EXERCISE AIM:
Every line from the one containing "- Denim de poids moyen, sans élasticité" to the end of the records below should be returned exactly; pictures are to be dropped.

SOURCE RECORDS:

##############################

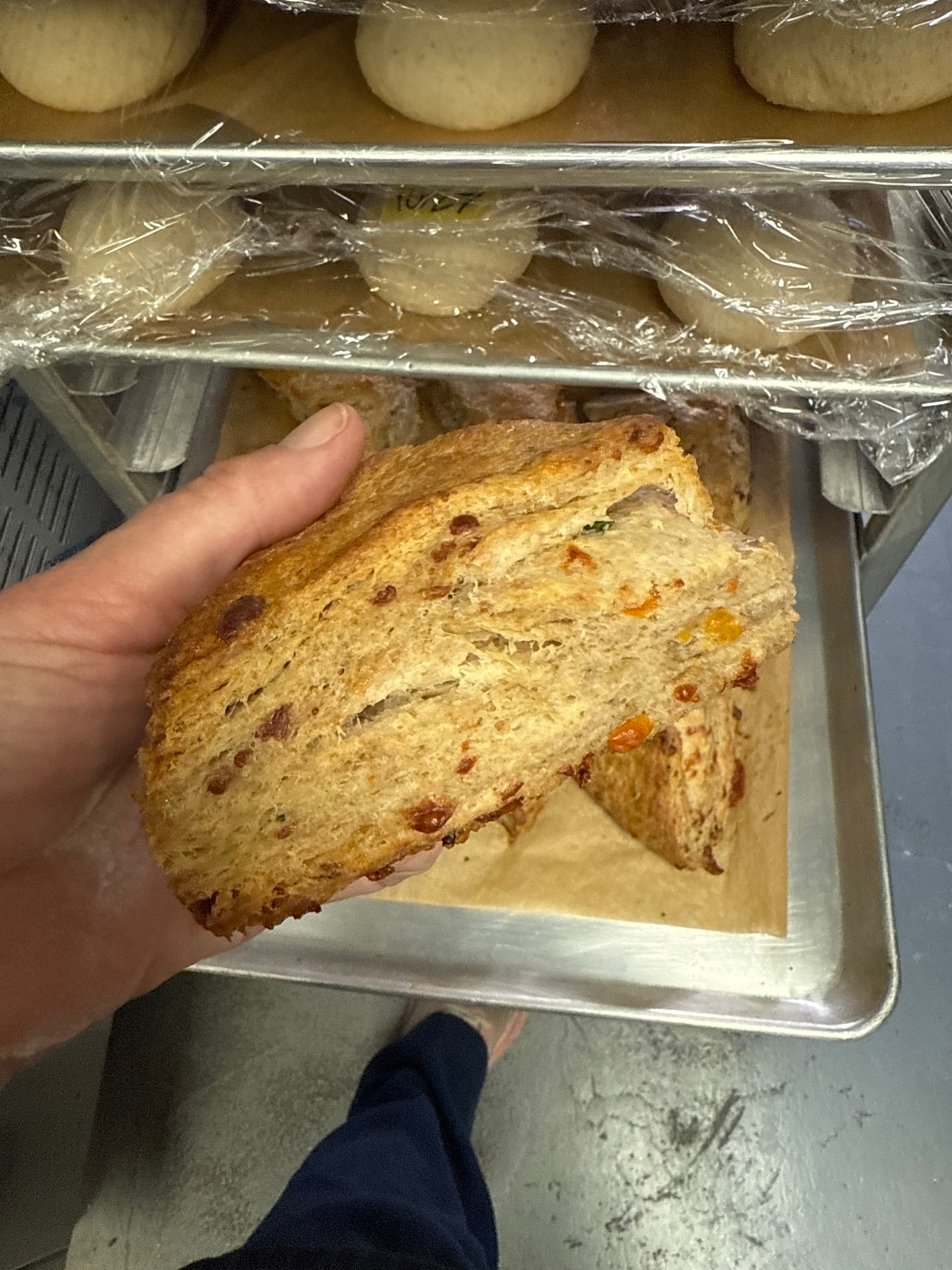 We make these the same way we make our bread — slow, simple, and without shortcuts. Each one is mixed and folded by hand, baked golden, and finished with more cheddar and chives. Perfect with eggs in the morning or wine in the afternoon.
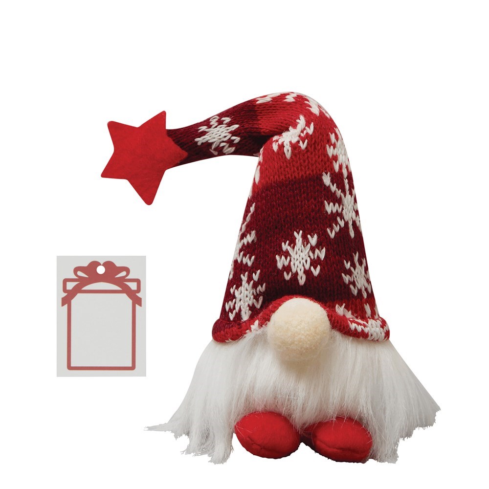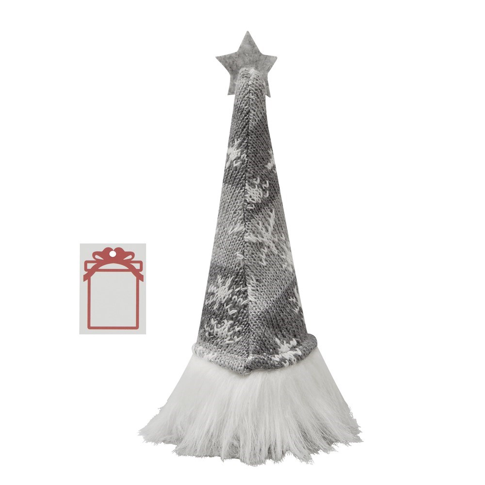 Weihnachts-Wichtel EMIL, mit Licht: Woll-Zipfelmütze, Mütze lässt sich durch integrierten Draht beliebig formen, mit an- und ausschaltbarer Beleuchtung, batteriebetrieben (2x LV44 enthalten), mit Geschenketikett zum Bedrucken
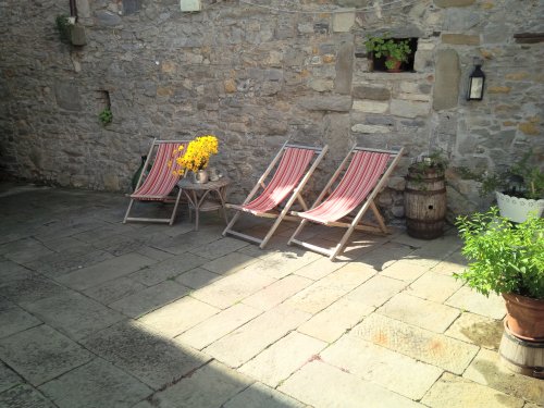 La corte, attrezzata con ombrelloni, tavoli, sedie, e barbecue è a disposizione degli ospiti della casa.
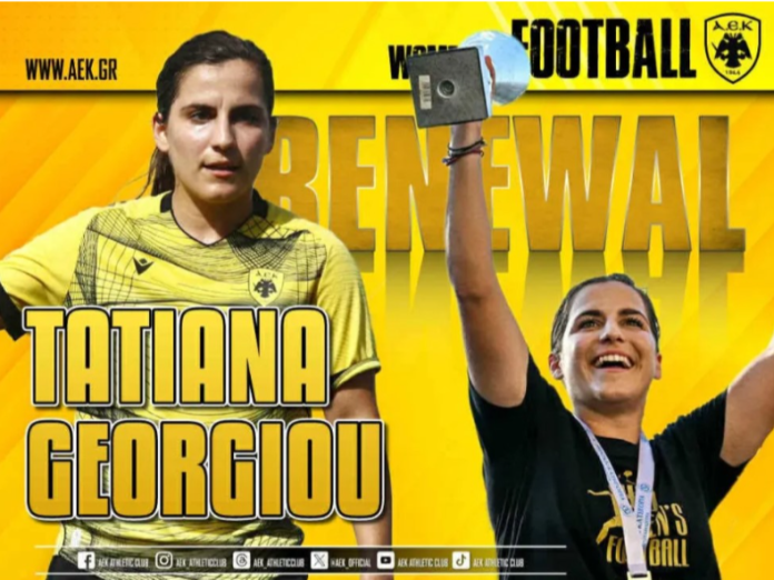 Την ανανέωση της συνεργασίας με την Τατιάνα Γεωργίου για τα επόμενα δύο χρόνια ανακοίνωσε η ΑΕΚ για την ομάδα ποδοσφαίρου γυναικών.
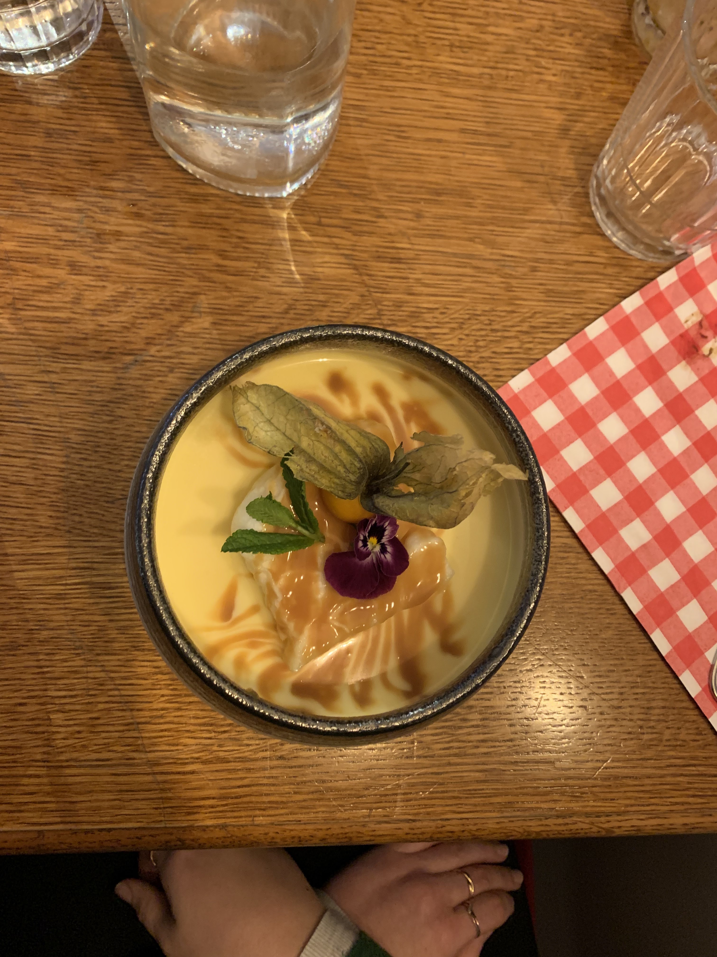 Moyen dans l'ensemble, même si le personnel est très sympa. Prise de commande et service dans un temps acceptable, placement selon notre convenance. Plat bon et copieux pour moi, mais les deux cuissons n'ont pas été respectée, viande trop saignante, limite bleue dans les 2 cas. Le problème majeur a été le dessert, café gourmand, une escroquerie. Minis desserts, que dis je micro dessert, avec verre de fruits coupés (ou plutôt verre de pommes tranchées) oxydés, pas terrible. Ajouté à ça, une crotte de chantilly, un micro macaron, un gâteau en sachet et un chamalow, 7e50 ça fait vraiment vraiment cher. Ce n'était pas la première fois que nous venions et déjà les fois précédentes le dessert était médiocre, et assez cher..
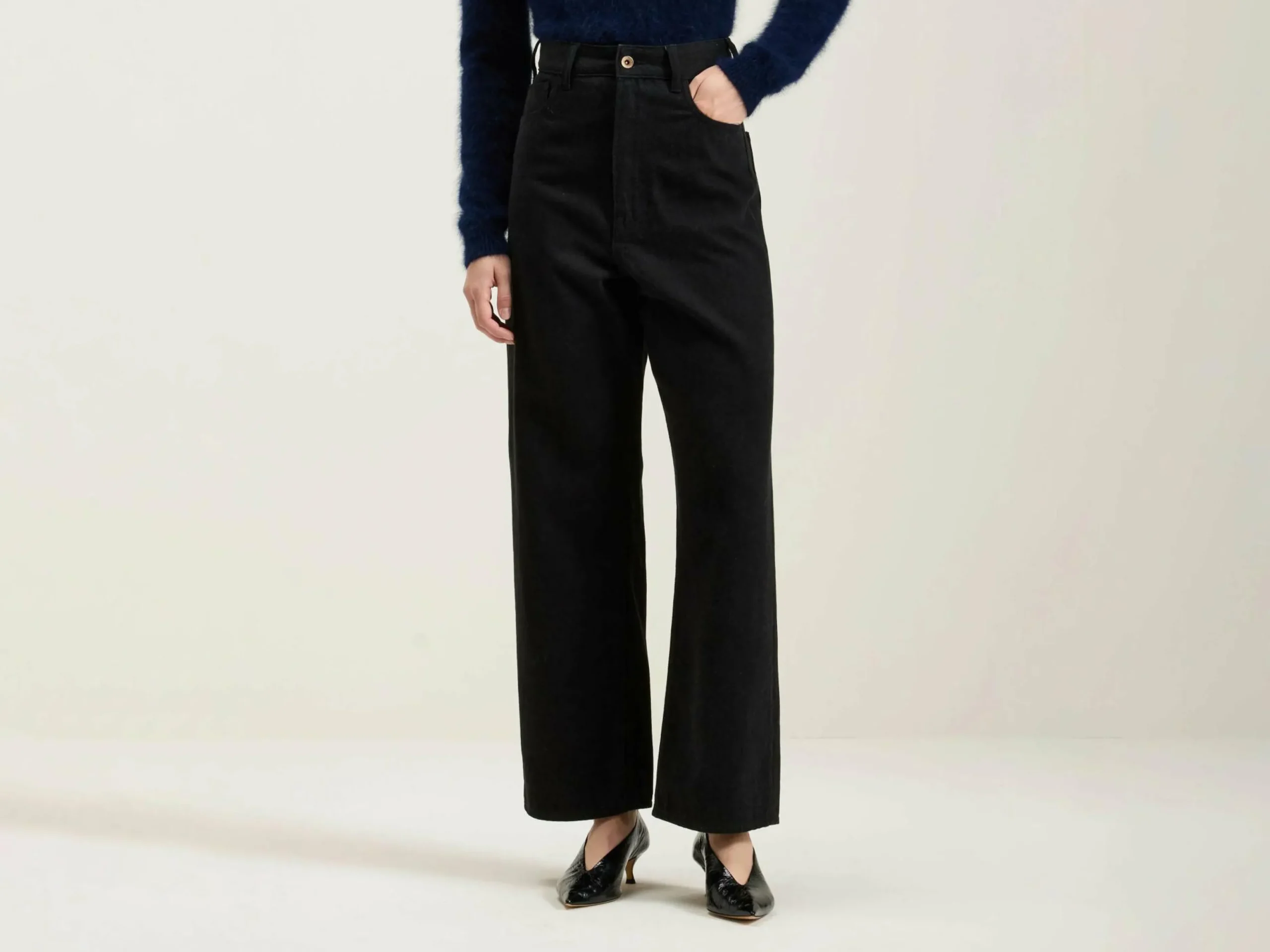 - Denim de poids moyen, sans élasticité
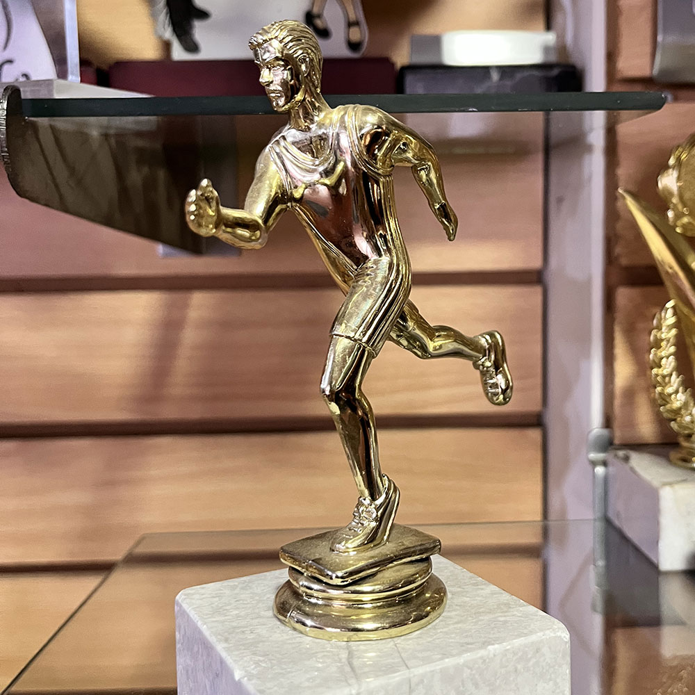 Trofeo plástico de color oro figura atletismo. Incluye base de mármol blanca. Mod. 8003
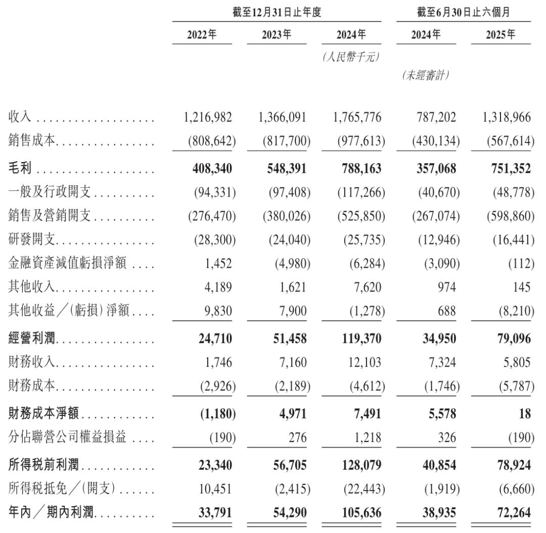若羽臣2025年上半年营收为13.19亿元,较上年同期的7.87亿元增长67.6%;毛利为7.51亿元,上年同期的毛利为3.57亿元;
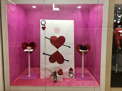 Han guarnit el vestíbul amb tota aquesta bonica decoració d’Alícia al País de les meravelles. També han aprofitat la festivitat de Sant Valentí per preparar els aparadors de la 3a planta i mireu quin és el resultat.
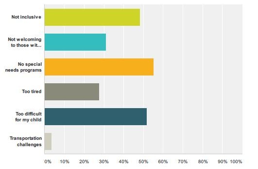 - The greatest barriers to local church attendance were not having a special needs program at their church (55%); too difficult for my child (51%); not inclusive (48%); not welcoming to those with special needs (30%); too tired (28%); transportation challenges (3%).
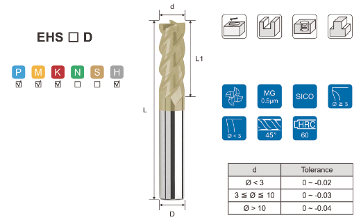 Фреза кінцева H600 з великим кутом підйому спіралі для термооброблених сталей HRC 35...58
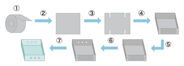 위에서도 설명했듯이 메탈 시트(판금) 가공에서는 '절단 가공/펀칭 가공', '굽힘 가공', '용접' 등의 공정을 거쳐 제품이 완성됩니다. 여기에서는 각각의 가공에 대해 설명합니다.
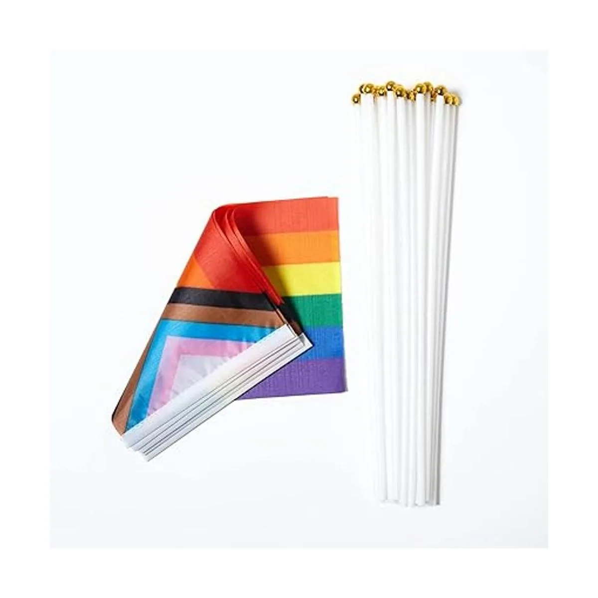 GentleGirl Paquete de 12 banderas de arco iris, diseño de arco iris, pequeñas banderas de mano, diseño de arco iris, para fiestas y desfiles
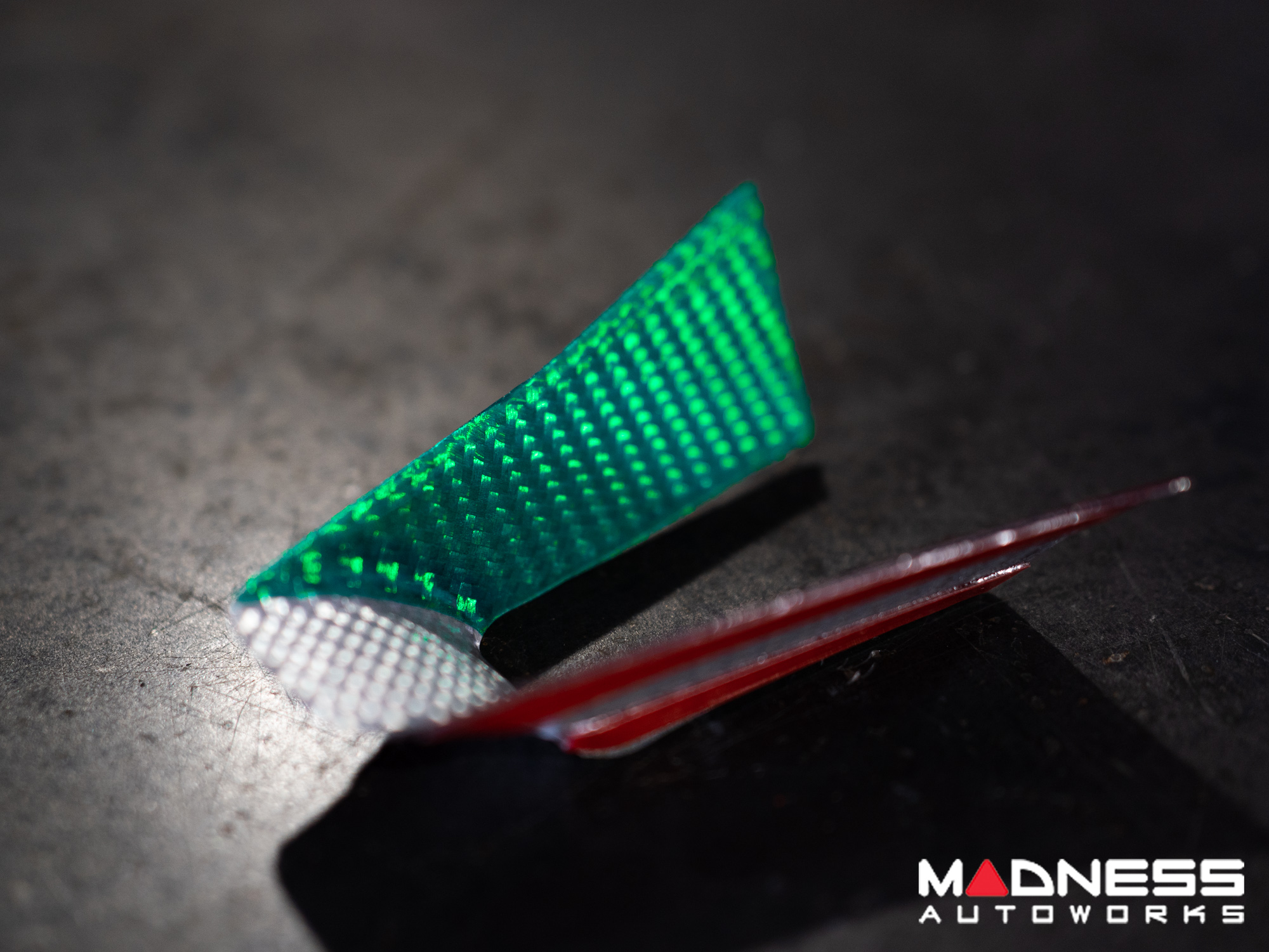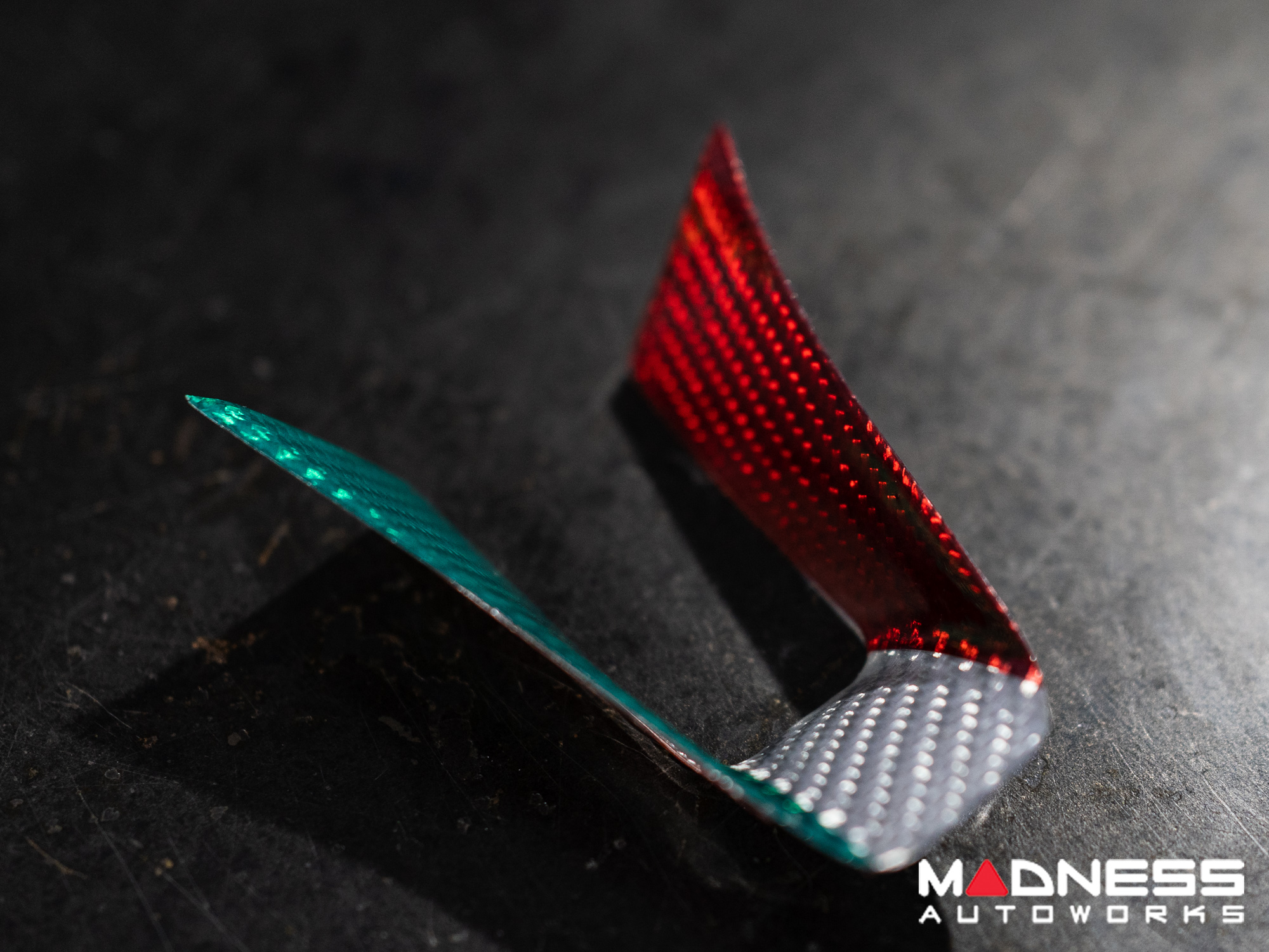 This Genuine Carbon Fiber Steering Wheel Trim Piece gives a nice accent to your factory steering wheel and install with ease. This version comes in a unique Italian Theme featuring the colors of the Italian Flag.

##############################

EXERCISE RESULT:
 - Denim de poids moyen, sans élasticité
 Trofeo plástico de color oro figura atletismo. Incluye base de mármol blanca. Mod. 8003
若羽臣2025年上半年营收为13.19亿元,较上年同期的7.87亿元增长67.6%;毛利为7.51亿元,上年同期的毛利为3.57亿元;
 Han guarnit el vestíbul amb tota aquesta bonica decoració d’Alícia al País de les meravelles. També han aprofitat la festivitat de Sant Valentí per preparar els aparadors de la 3a planta i mireu quin és el resultat.
 - The greatest barriers to local church attendance were not having a special needs program at their church (55%); too difficult for my child (51%); not inclusive (48%); not welcoming to those with special needs (30%); too tired (28%); transportation challenges (3%).
 Фреза кінцева H600 з великим кутом підйому спіралі для термооброблених сталей HRC 35...58
 위에서도 설명했듯이 메탈 시트(판금) 가공에서는 '절단 가공/펀칭 가공', '굽힘 가공', '용접' 등의 공정을 거쳐 제품이 완성됩니다. 여기에서는 각각의 가공에 대해 설명합니다.
 GentleGirl Paquete de 12 banderas de arco iris, diseño de arco iris, pequeñas banderas de mano, diseño de arco iris, para fiestas y desfiles
 This Genuine Carbon Fiber Steering Wheel Trim Piece gives a nice accent to your factory steering wheel and install with ease. This version comes in a unique Italian Theme featuring the colors of the Italian Flag.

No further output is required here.